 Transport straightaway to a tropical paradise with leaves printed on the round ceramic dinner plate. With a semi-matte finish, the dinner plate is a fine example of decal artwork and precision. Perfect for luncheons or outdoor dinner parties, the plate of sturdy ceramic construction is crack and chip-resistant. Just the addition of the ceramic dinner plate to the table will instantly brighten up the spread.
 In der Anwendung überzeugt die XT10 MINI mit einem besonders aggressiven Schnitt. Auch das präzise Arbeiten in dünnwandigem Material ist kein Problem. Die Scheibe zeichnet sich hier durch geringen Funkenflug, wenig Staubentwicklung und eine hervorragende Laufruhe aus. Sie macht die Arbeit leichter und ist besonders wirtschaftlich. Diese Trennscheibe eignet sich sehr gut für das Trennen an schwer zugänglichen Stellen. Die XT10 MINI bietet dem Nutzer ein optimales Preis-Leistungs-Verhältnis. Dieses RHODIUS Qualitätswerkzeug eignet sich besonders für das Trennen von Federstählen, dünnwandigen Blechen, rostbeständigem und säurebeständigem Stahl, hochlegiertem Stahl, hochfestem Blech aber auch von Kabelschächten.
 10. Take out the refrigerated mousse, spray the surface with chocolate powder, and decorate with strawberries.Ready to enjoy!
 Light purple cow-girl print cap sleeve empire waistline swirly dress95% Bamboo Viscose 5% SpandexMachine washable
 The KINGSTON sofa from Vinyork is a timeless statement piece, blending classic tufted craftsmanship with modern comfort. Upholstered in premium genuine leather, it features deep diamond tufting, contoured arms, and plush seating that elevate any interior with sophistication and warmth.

- - -

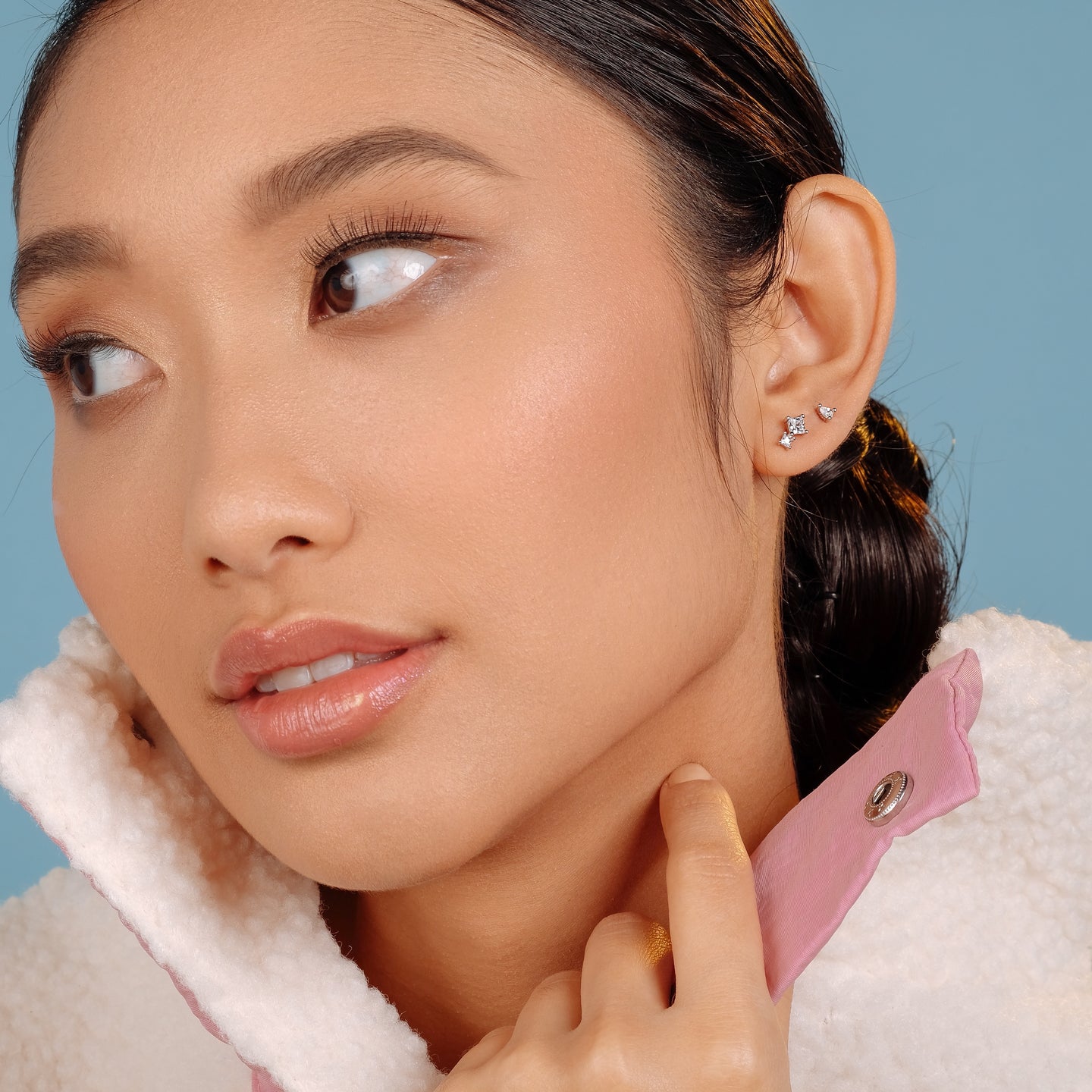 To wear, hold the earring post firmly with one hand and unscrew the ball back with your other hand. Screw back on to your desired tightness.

- - -

» Your instructions: The lines above, starting at the one with "In der Anwendung" and ending at the one with "Light purple cow-girl", are the only ones to return, exactly as written.

» Solution for this problem:
 In der Anwendung überzeugt die XT10 MINI mit einem besonders aggressiven Schnitt. Auch das präzise Arbeiten in dünnwandigem Material ist kein Problem. Die Scheibe zeichnet sich hier durch geringen Funkenflug, wenig Staubentwicklung und eine hervorragende Laufruhe aus. Sie macht die Arbeit leichter und ist besonders wirtschaftlich. Diese Trennscheibe eignet sich sehr gut für das Trennen an schwer zugänglichen Stellen. Die XT10 MINI bietet dem Nutzer ein optimales Preis-Leistungs-Verhältnis. Dieses RHODIUS Qualitätswerkzeug eignet sich besonders für das Trennen von Federstählen, dünnwandigen Blechen, rostbeständigem und säurebeständigem Stahl, hochlegiertem Stahl, hochfestem Blech aber auch von Kabelschächten.
 10. Take out the refrigerated mousse, spray the surface with chocolate powder, and decorate with strawberries.Ready to enjoy!
 Light purple cow-girl print cap sleeve empire waistline swirly dress95% Bamboo Viscose 5% SpandexMachine washable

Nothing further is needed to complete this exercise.